§ **Exercise brief**
Your task is to transcribe the data exactly while omitting each picture.

§ **Information provided**

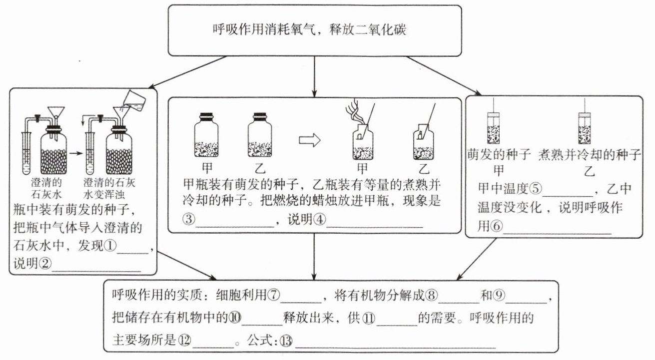 ① 澄清的石灰水变浑浊 ② 呼吸作用放出了二氧化碳 ③ 燃烧的蜡烛熄灭 ④ 呼吸作用消耗了氧气 ⑤ 升高 ⑥ 放出了热量 ⑦ 氧 ⑧ 二氧化碳 ⑨ 水 ⑩ 能量 ⑪ 生命活动 ⑫ 线粒体 ⑬ 有机物(储存着能量)+氧气→二氧化碳+水+能量
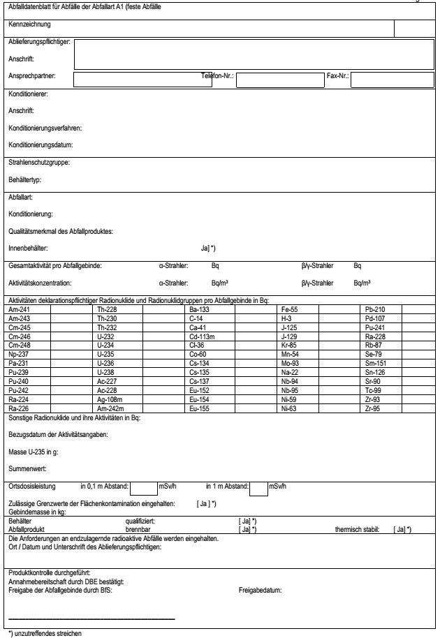 Der Nachweis über die Ablieferung von radioaktiven Abfällen erfolgt anhand der Antragsunterlage gemäß Anlage 1. Bei jeder Anlieferung von radioaktiven Abfällen aus dem Besitz des Abfallerzeugers ist für jeden Abfallbehälter ein Antragsformular zu verwenden, das in folgenden vier Ausfertigungen einzureichen ist:
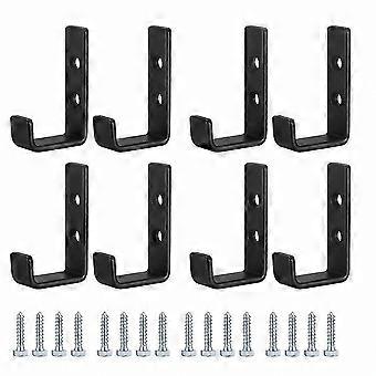 8PCS Durable Wall Hooks, J-Hooks for Garage, Black Screw-In Hooks for Coats, Tools, and More
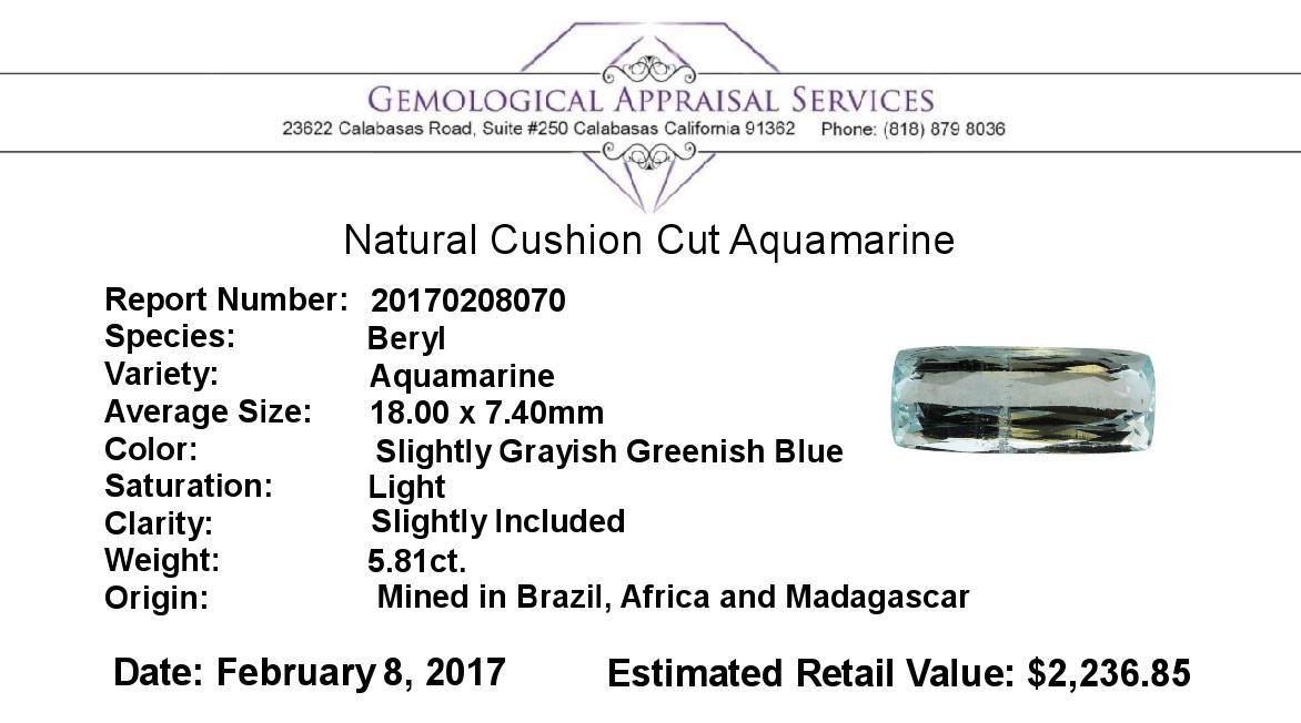One natural cushion cut aquamarine with an exact weight of 5.81ct., clarity is slightly included, slightly grayish greenish blue, light. Gemological Appraisals Services estimates the retail value at $2236.85 GAS Appraised.

§ **Response area**
 ① 澄清的石灰水变浑浊 ② 呼吸作用放出了二氧化碳 ③ 燃烧的蜡烛熄灭 ④ 呼吸作用消耗了氧气 ⑤ 升高 ⑥ 放出了热量 ⑦ 氧 ⑧ 二氧化碳 ⑨ 水 ⑩ 能量 ⑪ 生命活动 ⑫ 线粒体 ⑬ 有机物(储存着能量)+氧气→二氧化碳+水+能量
 Der Nachweis über die Ablieferung von radioaktiven Abfällen erfolgt anhand der Antragsunterlage gemäß Anlage 1. Bei jeder Anlieferung von radioaktiven Abfällen aus dem Besitz des Abfallerzeugers ist für jeden Abfallbehälter ein Antragsformular zu verwenden, das in folgenden vier Ausfertigungen einzureichen ist:
 8PCS Durable Wall Hooks, J-Hooks for Garage, Black Screw-In Hooks for Coats, Tools, and More
One natural cushion cut aquamarine with an exact weight of 5.81ct., clarity is slightly included, slightly grayish greenish blue, light. Gemological Appraisals Services estimates the retail value at $2236.85 GAS Appraised.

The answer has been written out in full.